(WHAT IS REQUIRED):
Print each record below precisely, with every picture left out of the copy.

_ _ _ _ _ _ _

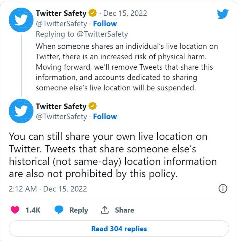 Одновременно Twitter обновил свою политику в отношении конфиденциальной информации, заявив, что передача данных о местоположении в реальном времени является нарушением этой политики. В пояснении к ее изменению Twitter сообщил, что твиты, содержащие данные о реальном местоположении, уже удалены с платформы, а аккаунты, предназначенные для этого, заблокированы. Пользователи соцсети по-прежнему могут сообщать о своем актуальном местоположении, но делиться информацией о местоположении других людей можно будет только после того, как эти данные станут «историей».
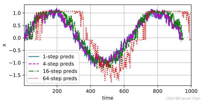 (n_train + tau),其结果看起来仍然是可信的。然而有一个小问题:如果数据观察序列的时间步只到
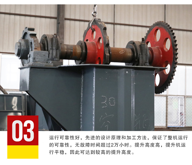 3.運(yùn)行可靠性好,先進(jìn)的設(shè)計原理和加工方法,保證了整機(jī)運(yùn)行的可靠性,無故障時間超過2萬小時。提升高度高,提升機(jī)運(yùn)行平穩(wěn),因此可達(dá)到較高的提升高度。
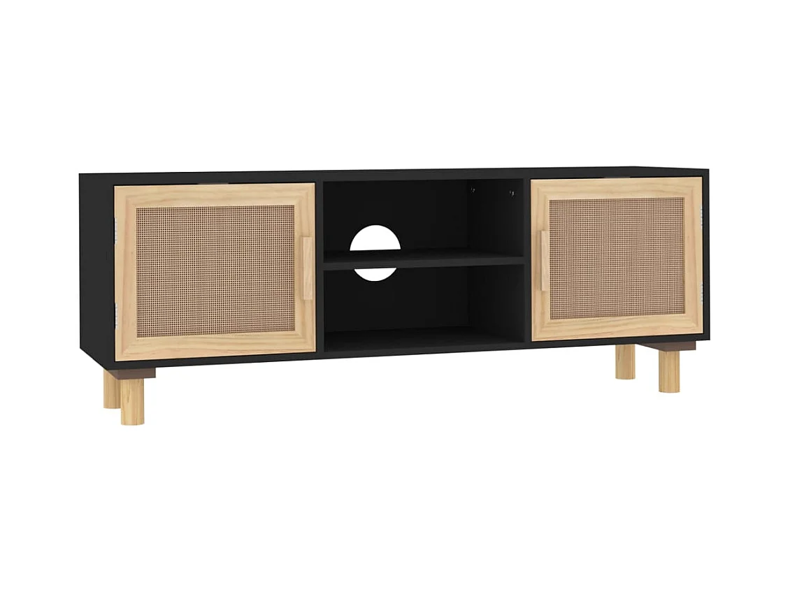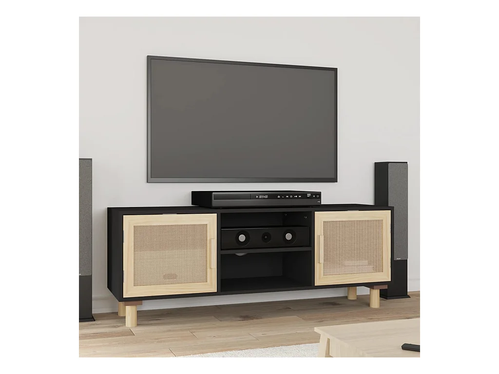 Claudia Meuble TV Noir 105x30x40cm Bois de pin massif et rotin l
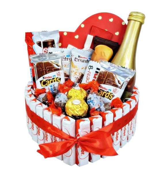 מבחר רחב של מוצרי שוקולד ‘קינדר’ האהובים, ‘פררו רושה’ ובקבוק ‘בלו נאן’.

_ _ _ _ _ _ _

(WRITTEN SOLUTION):
 Одновременно Twitter обновил свою политику в отношении конфиденциальной информации, заявив, что передача данных о местоположении в реальном времени является нарушением этой политики. В пояснении к ее изменению Twitter сообщил, что твиты, содержащие данные о реальном местоположении, уже удалены с платформы, а аккаунты, предназначенные для этого, заблокированы. Пользователи соцсети по-прежнему могут сообщать о своем актуальном местоположении, но делиться информацией о местоположении других людей можно будет только после того, как эти данные станут «историей».
 (n_train + tau),其结果看起来仍然是可信的。然而有一个小问题:如果数据观察序列的时间步只到
 3.運(yùn)行可靠性好,先進(jìn)的設(shè)計原理和加工方法,保證了整機(jī)運(yùn)行的可靠性,無故障時間超過2萬小時。提升高度高,提升機(jī)運(yùn)行平穩(wěn),因此可達(dá)到較高的提升高度。
 Claudia Meuble TV Noir 105x30x40cm Bois de pin massif et rotin l
 מבחר רחב של מוצרי שוקולד ‘קינדר’ האהובים, ‘פררו רושה’ ובקבוק ‘בלו נאן’.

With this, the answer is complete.